Data Mining - Mehmed Kantardzic [5]
Data mining is an iterative process within which progress is defined by discovery, through either automatic or manual methods. Data mining is most useful in an exploratory analysis scenario in which there are no predetermined notions about what will constitute an “interesting” outcome. Data mining is the search for new, valuable, and nontrivial information in large volumes of data. It is a cooperative effort of humans and computers. Best results are achieved by balancing the knowledge of human experts in describing problems and goals with the search capabilities of computers.
In practice, the two primary goals of data mining tend to be prediction and description. Prediction involves using some variables or fields in the data set to predict unknown or future values of other variables of interest. Description, on the other hand, focuses on finding patterns describing the data that can be interpreted by humans. Therefore, it is possible to put data-mining activities into one of two categories:
1. predictive data mining, which produces the model of the system described by the given data set, or
2. descriptive data mining, which produces new, nontrivial information based on the available data set.

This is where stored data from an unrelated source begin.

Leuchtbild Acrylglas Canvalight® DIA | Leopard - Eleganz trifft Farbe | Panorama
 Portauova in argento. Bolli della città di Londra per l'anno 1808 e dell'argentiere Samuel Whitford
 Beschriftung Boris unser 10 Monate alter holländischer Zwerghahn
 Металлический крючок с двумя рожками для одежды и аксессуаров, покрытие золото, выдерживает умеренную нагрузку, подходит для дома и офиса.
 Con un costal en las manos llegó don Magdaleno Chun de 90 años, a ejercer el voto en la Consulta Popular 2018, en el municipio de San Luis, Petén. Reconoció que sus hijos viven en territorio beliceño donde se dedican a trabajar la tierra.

On the predictive end of the spectrum, the goal of data mining is to produce a model, expressed as an executable code, which can be used to perform classification, prediction, estimation, or other similar tasks. On the descriptive end of the spectrum, the goal is to gain an understanding of the analyzed system by uncovering patterns and relationships in large data sets. The relative importance of prediction and description for particular data-mining applications can vary considerably. The goals of prediction and description are achieved by using data-mining techniques, explained later in this book, for the following primary data-mining tasks:
1. Classification. Discovery of a predictive learning function that classifies a data item into one of several predefined classes.

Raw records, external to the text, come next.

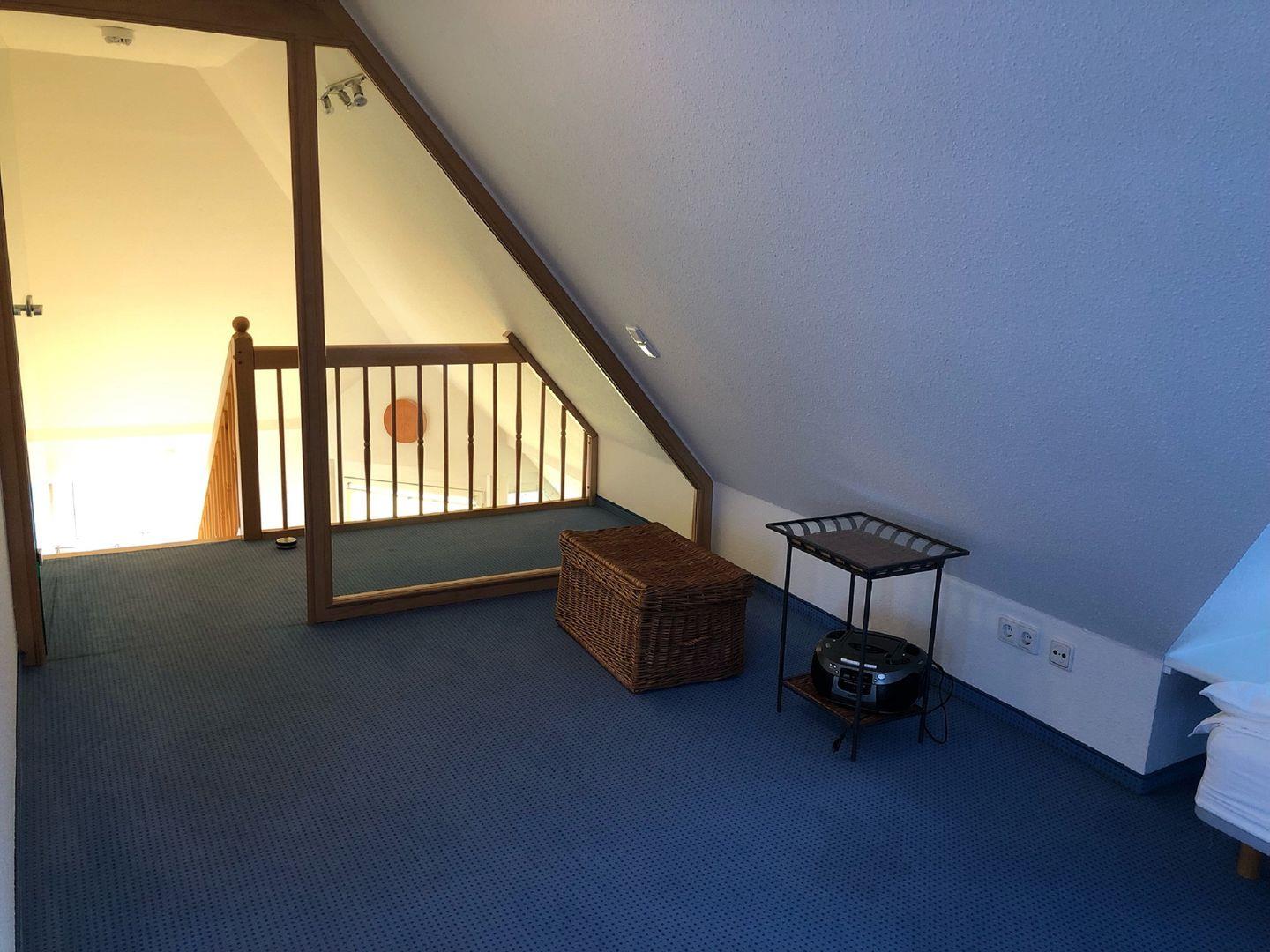 1 Westbalkon, Obergeschoß: separater Wohn/Schlafraum mit Sat-TV, 1 Ostbalkon zum Innenhof, Dusche/WC,
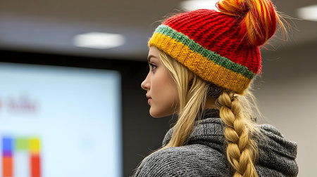 Young woman with long blonde braid wearing a colorful knit beanie, indoors, looking away. Image ideal for fashion or lifestyle publications.
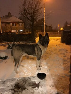 Looks like an American Akita. Beautiful animals. It’s not a language thing, they just don’t obey. They’d be impervious to the Strategic Communiation’s Unit. You have to ask, to persuade an Akita. They’re double coated and love the cold and the snow, the colder the better. They love their owners deeply and are intensely loyal, so hopefully it’s back home.
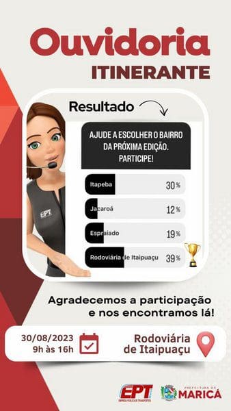 A Prefeitura de Maricá, por meio da Empresa Pública de Transportes (EPT), realiza nesta quarta-feira (30/08) mais uma edição especial do projeto “Ouvidoria Itinerante”. O atendimento presencial aos usuários dos ônibus Tarifa Zero e das bicicletas vermelhinhas acontece das 9h às 16h, no Terminal Rodoviário de Itaipuaçu, localizado na Rua Professor Cardoso de Menezes (antiga Rua 1), entre a Ruas 33 e a Rua Van Lerbergue (antiga Rua 34).
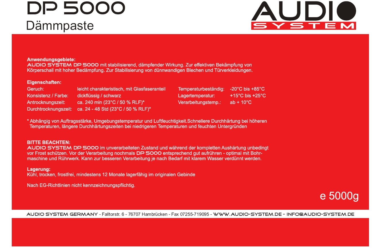 | Audio System DP-5000 - antivibrační tlumící pasta balení 5 kg minimalizuje okolní hluk, snižuje vibrace, zlepšuje kvalitu zvuku audioaparatury, bez rozpouštědel, ředitelné vodou, vysoký obsah skelných vláken, i po zaschnutí zůstává flexibilní, drží na všech odmaštěných podkladech (dřevo, kov, plasty), hladké plasty nutno zdrsnit, nanášení stěrkou nebo štětcem, při tlouštce vrstvy 3 mm postačí balení na dvoje dveře, tvrdnutí cca 8-12 hod. při teplotě 20 st., po otevření nutno spotřebovat do 4 měsíců |
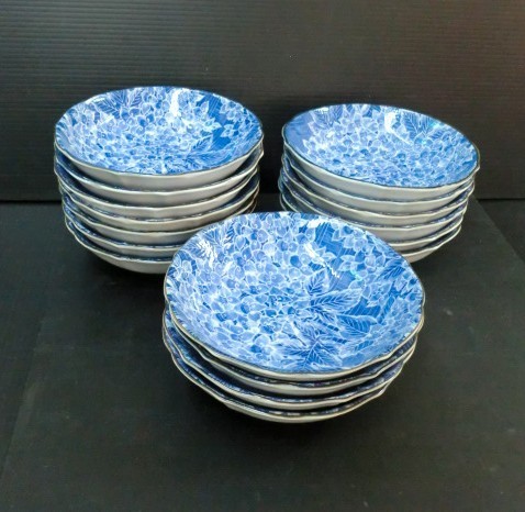 > ★ 76990 中鉢 「 紫陽花 」17枚セット Φ16xH4.3cm 浜九郎 陶器 陶磁器 和食器 鉢 小鉢 中古 ★*

2. Regression. Discovery of a predictive learning function that maps a data item to a real-value prediction variable.
3. Clustering. A common descriptive task in which one seeks to identify a finite set of categories or clusters to describe the data.
4. Summarization. An additional descriptive task that involves methods for finding a compact description for a set (or subset) of data.

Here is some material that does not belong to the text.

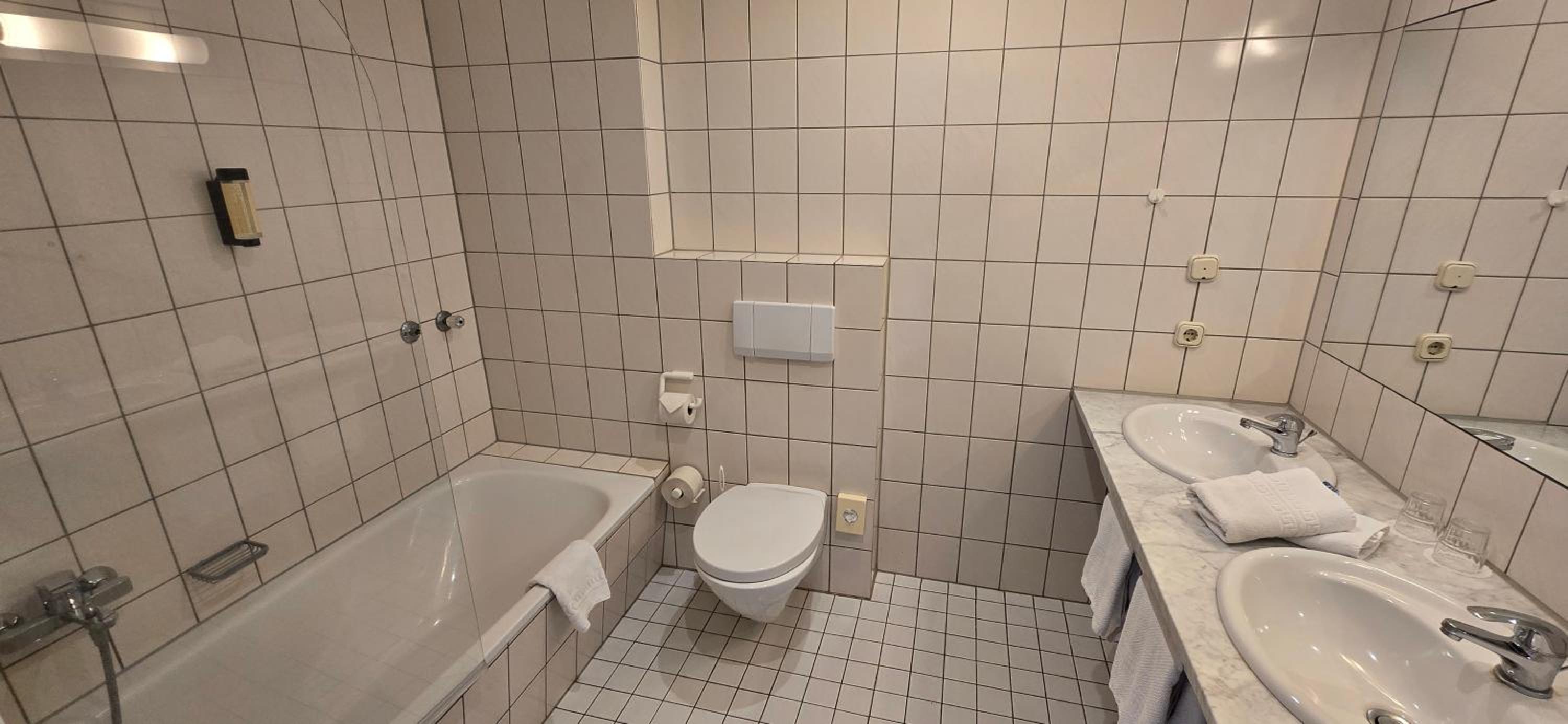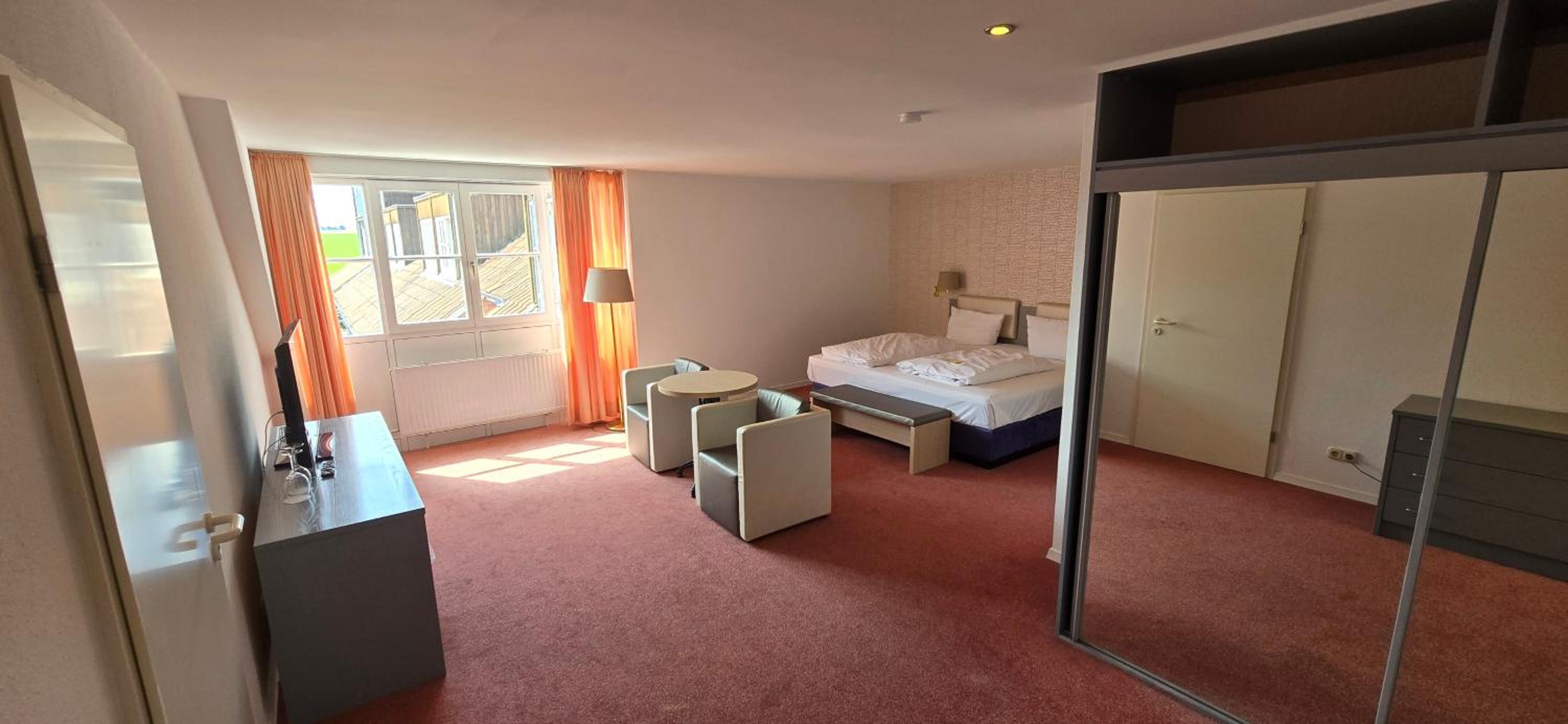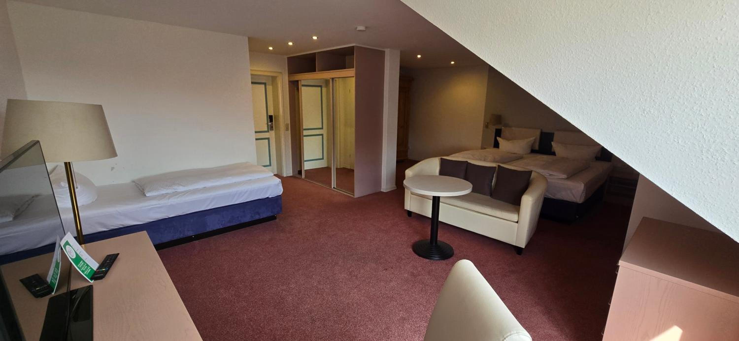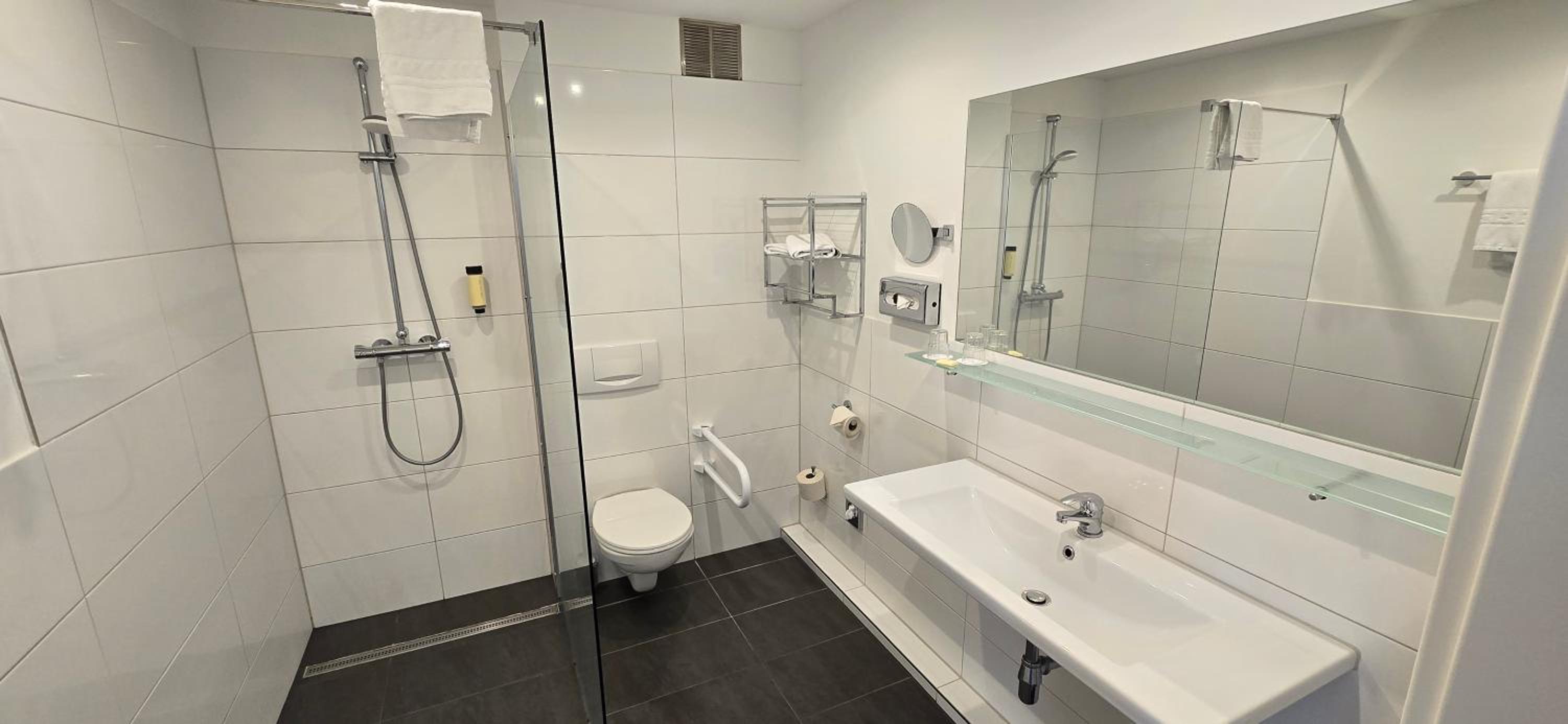 Wir haben das Hotel für eine Zwischenübernachtung genutzt. Dafür war die Lage und das Hotel perfekt. Mein Vater ist auf einen Rollator angewiesen, ich habe dieses bei der Buchung angegeben, er hatte dann ein großes komplett barrierefreies Zimmer im EG vermutlich ein kostenloses Upgrade Vielen Dank!, der Frühstücksraum war barrierefrei zu erreichen, das Frühstück gut: leckeres Bircher- Müsli. Preis- Leistung war damit schwer in Ordnung. Zwei schöne Spaziergänge gemacht, deswegen Wellness Bereich nicht getestet.

5. Dependency Modeling. Finding a local model that describes significant dependencies between variables or between the values of a feature in a data set or in a part of a data set.
6. Change and Deviation Detection. Discovering the most significant changes in the data set.
The more formal approach, with graphical interpretation of data-mining tasks for complex and large data sets and illustrative examples, is given in Chapter 4. Current introductory classifications and definitions are given here only to give the reader a feeling of the wide spectrum of problems and tasks that may be solved using data-mining technology.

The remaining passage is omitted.